The first two steps are documented in [@Monnet11c, pp. 47-52]
```{r include=TRUE, fig.width = 12, fig.height = 4}
# tree detection (default settings), applied on canopy height model
segms <- lidaRtRee::treeSegmentation(chm)
#
par(mfrow=c(1,3))
# display pre-processed chm
raster::plot(segms$smoothed.dem,asp=1, main="Pre-processed CHM")
# display selected local maxima
raster::plot(segms$local.maxima,asp=1, main="Selected local maxima")
# display segments
raster::plot(segms$segments.id %% 8,asp=1, main="Segments")
```
### Tree extraction
A data.frame of detected trees located in the plot mask is then extracted with the function treeExtraction. Segments can be converted from raster to polygons but the operation is quite slow. Attributes are :
* id: tree id
+ x: easting coordinate of tree top
+ y: northing coordinate of tree top
+ h: height of tree top
+ dom.radius: distance of tree top to nearest crown of neighbouring tree with larger height
+ s: crown surface
+ v: crown volume
+ sp: crown surface inside plot
+ vp: crown volume inside plot
```{r include=TRUE, fig.width = 6.5, fig.height = 6}
## tree extraction only inside plot mask for subsequent comparison
trees <- lidaRtRee::treeExtraction(segms$filled.dem, segms$local.maxima, segms$segments.id, plotMask)
head(trees)
# convert segments from raster to polygons
v.segments <- raster::rasterToPolygons(segms[[2]], dissolve=T)
#
# display initial image
raster::plot(chm,asp=1, col=gray(seq(0,1,1/255)), main ="Canopy Height Model and detected positions")
# display segments border
sp::plot(v.segments,border="white",add=T)
# display plot mask
sp::plot(v.plotMask,border="red",add=T)
# display inventoried trees
graphics::points(trees$x, trees$y, col="blue", cex=trees$h/20)
```
## Detection evaluation
### Tree matching
To assess detection accuracy, reference (field) trees should be linked to detected trees. Despite the possibility of error, automated matching has the advantage of making the comparison of results from different algorithms and settings reproducible and objective. The algorithm presented below is based on the 3D distance between detected treetops and inventory positions and heights [@Monnet2014].

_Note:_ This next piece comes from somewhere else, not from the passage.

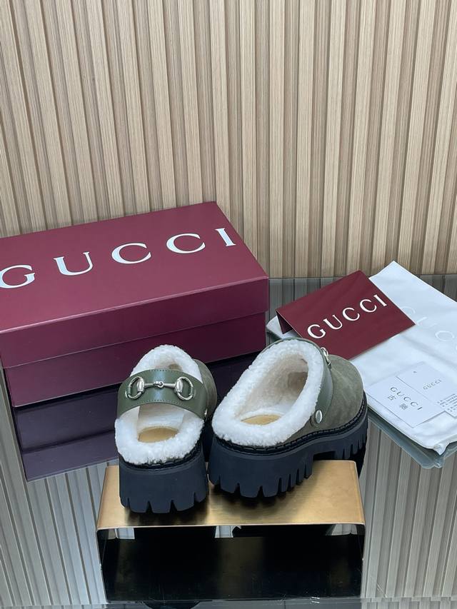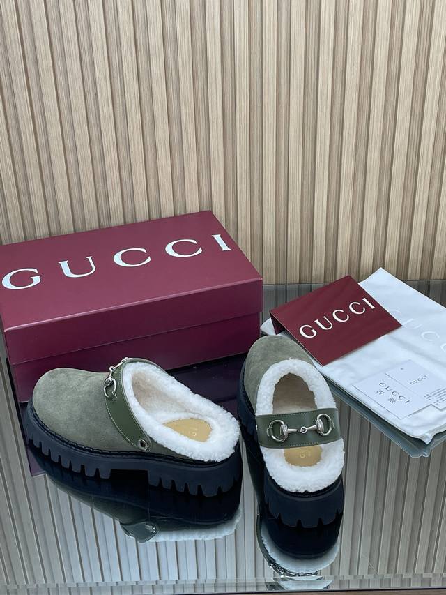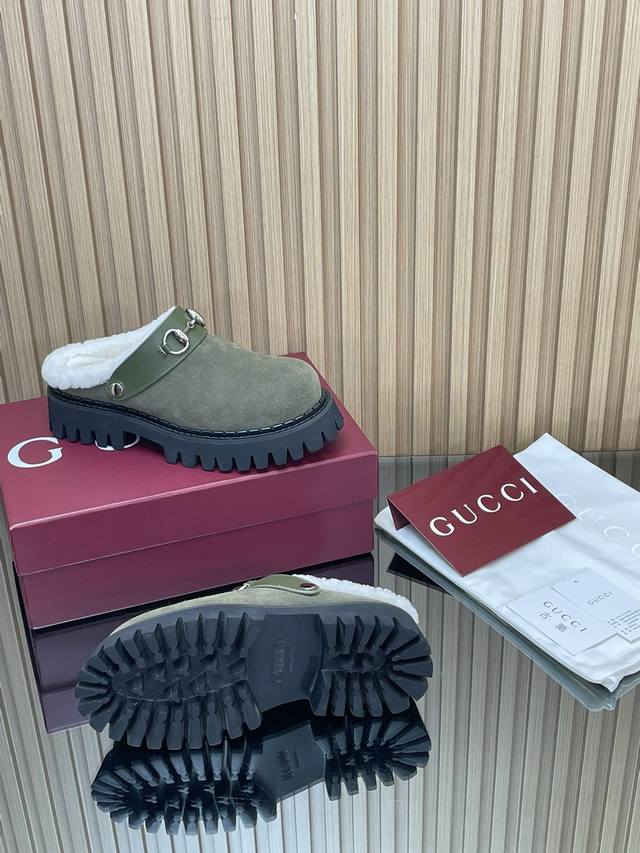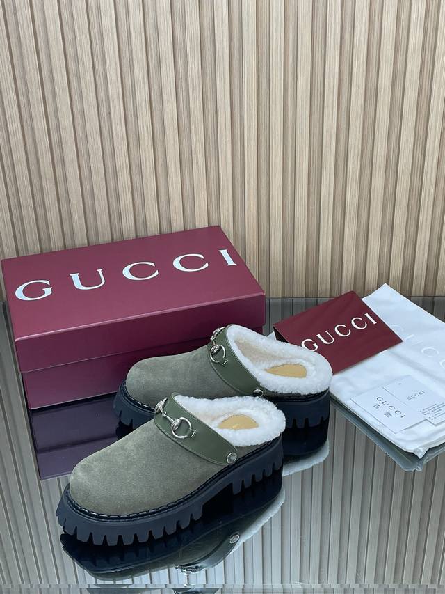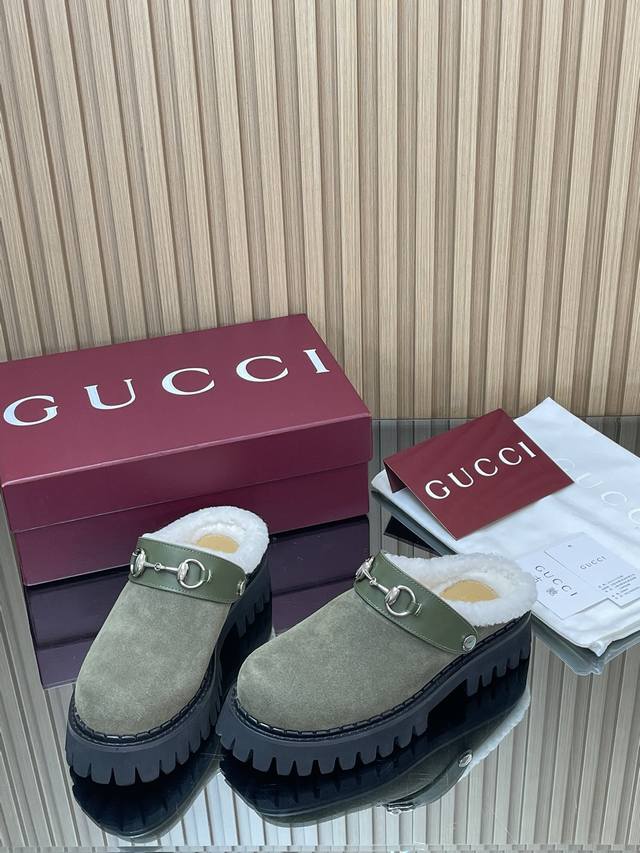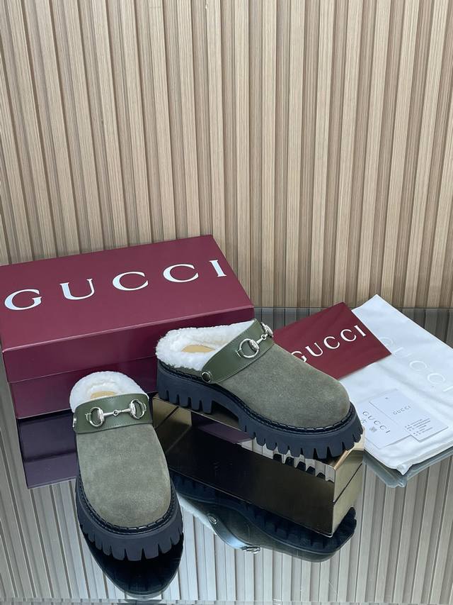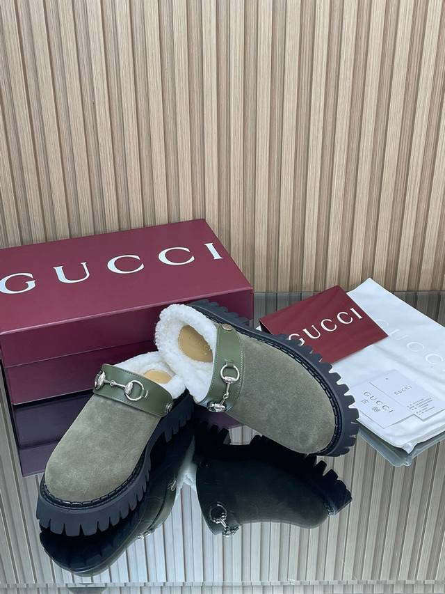 2025早秋Gucci女士马衔扣美利奴羊毛穆勒拖鞋 新款沟纹底乐福鞋懒人松驰感拖鞋后绊带后空造型厚底休闲单鞋 厚底单鞋拖鞋最近都很火爆!就是因为上脚好显瘦!时尚百搭!Y版一致! 作为对品牌马术本源的致敬之作,马衔扣历经时间洗礼后,将厚重历史底蕴与现代时尚型格融为一体。这款女士穆勒鞋采用进口牛皮及光滑绒面材质匠心打造 面料:进口牛皮+丝光牛反绒 复古感十足 内里:进口美利奴羊毛里 大底:1:1模具开发的发泡高韧性鞋底 ,鞋边真皮沿条 绝对不死沉死硬,也绝不坍塌 所有的材质和工艺,与Y版一致 尺码:35-42

```{r include=TRUE, fig.width = 6.5, fig.height = 6}
# match detected treetops with field trees based on relative distance of apices
matched <- lidaRtRee::treeMatching(treeinventorychablais3[selec,c("x","y","h")],trees[,c("x","y","h")])
# display matching results
lidaRtRee::plot2Dmatched(treeinventorychablais3[selec,c("x","y","h")], trees[,c("x","y","h")], matched, chm, v.plotMask)
```
### Detection accuracy
```{r include=FALSE}
# height histogram of detections
detection.stats <- lidaRtRee::histDetection(treeinventorychablais3[selec,c("x","y","h")], trees[,c("x","y","h")], matched)
```
Detection accuracy is evaluated thanks to the number of correct detections (`r detection.stats$true.detections`), false detections (`r detection.stats$false.detections`) and omissions (`r detection.stats$omissions`). In heterogeneous stands, detection accuracy is height-dependent, it is informative to display those categories on a height histogram.
```{r include=TRUE, fig.width = 6.5, fig.height = 6}
# height histogram of detections
detection.stats <- lidaRtRee::histDetection(treeinventorychablais3[selec,c("x","y","h")], trees[,c("x","y","h")], matched)
```
### Height estimation accuracy
```{r include=FALSE}
heightReg <- lidaRtRee::heightRegression(treeinventorychablais3[selec,c("x","y","h")], trees[,c("x","y","h")], matched, species=treeinventorychablais3$s)
```
For true detections, estimated heights can be compared to field-measured heights. Here, the root mean square error is `r round(heightReg$stats$rmse,1)`m, while the bias is `r round(heightReg$stats$bias,1)`m. The linear regression is displayed hereafter.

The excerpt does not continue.